Comparison of PET template-based and MRI-based image processing in the quantitative analysis of C¹¹-raclopride PET

Authors: Felix P Kuhn, Geoffrey I Warnock, Cyrill Burger, Katharina Ledermann, Chantal Martin-Soelch, Alfred Buck

Published in: EJNMMI Research | Issue 1/2014

Abstract

Background

Quantitative measures of ¹¹C-raclopride receptor binding can be used as a correlate of postsynaptic D₂ receptor density in the striatum, allowing ¹¹C-raclopride positron emission tomography (PET) to be used for the differentiation of Parkinson’s disease from atypical parkinsonian syndromes. Comparison with reference values is recommended to establish a reliable diagnosis. A PET template specific to raclopride may facilitate direct computation of parametric maps without the need for an additional MR scan, aiding automated image analysis.

Methods

Sixteen healthy volunteers underwent a dynamic ¹¹C-raclopride PET and a high-resolution T1-weighted MR scan of the brain. PET data from eight healthy subjects was processed to generate a raclopride-specific PET template normalized to standard space.
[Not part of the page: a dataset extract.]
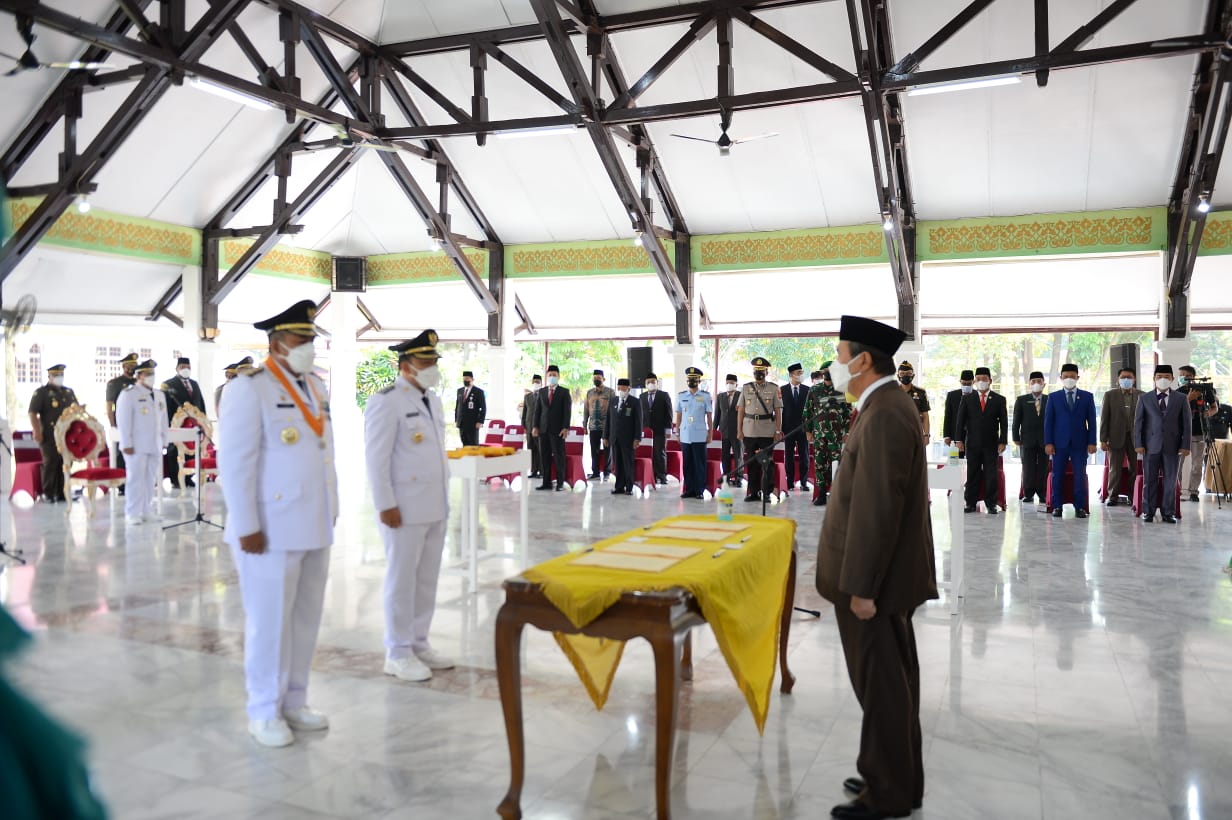 SIAK- Gubernur Riau Syamsuar melantik Drs. H. Alfedri, M.Si dan H. Husni Merza, BBA,MM, sebagai Bupati dan Wakil Bupati Siak, hasil Pilkada Serentak yang digelar Tahun 2020 lalu. Prosesi pelantikan yang dilaksanakan bersamaan dengan pelantikan Bupati dan Wakil Bupati Rokan Hulu tersebut berlangsung di Balai Pelangi, kompleks Gedung Daerah Provinsi Riau Pekanbaru, sekitar pukul 09.15 WIB Senin pagi (21/6/2021) dengan standar protokol kesehatan (Prokes) ketat serta dengan jumlah undangan terbatas.

Subsequently, the data processing based on the PET template was validated against the standard magnetic resonance imaging (MRI)-based method in 8 healthy subjects and 20 patients with suspected parkinsonian syndrome. Semi-quantitative image analysis was performed in Montreal Neurological Institute (MNI) and in original image space (OIS) using VOIs derived from a probabilistic brain atlas previously validated by Hammers et al. (Hum Brain Mapp, 15:165–174, 2002).

Results

The striatal-to-cerebellar ratio (SCR) of ¹¹C-raclopride uptake obtained using the PET template was in good agreement with the MRI-based image processing method, yielding a Lin’s concordance coefficient of 0.87. Bland-Altman analysis showed that all measurements were within the ±1.96 standard deviation range. In all 20 patients, the PET template-based processing was successful and manual volume of interest optimization had no further impact on the diagnosis of PD in this patient group. A maximal difference of <5% was found between the measured SCR in MNI space and OIS.

Conclusions

The PET template-based method for automated quantification of postsynaptic D₂ receptor density is simple to implement and facilitates rapid, robust and reliable image analysis. There was no significant difference between the SCR values obtained with either PET- or MRI-based image processing. The method presented alleviates the clinical workflow and facilitates automated image analysis.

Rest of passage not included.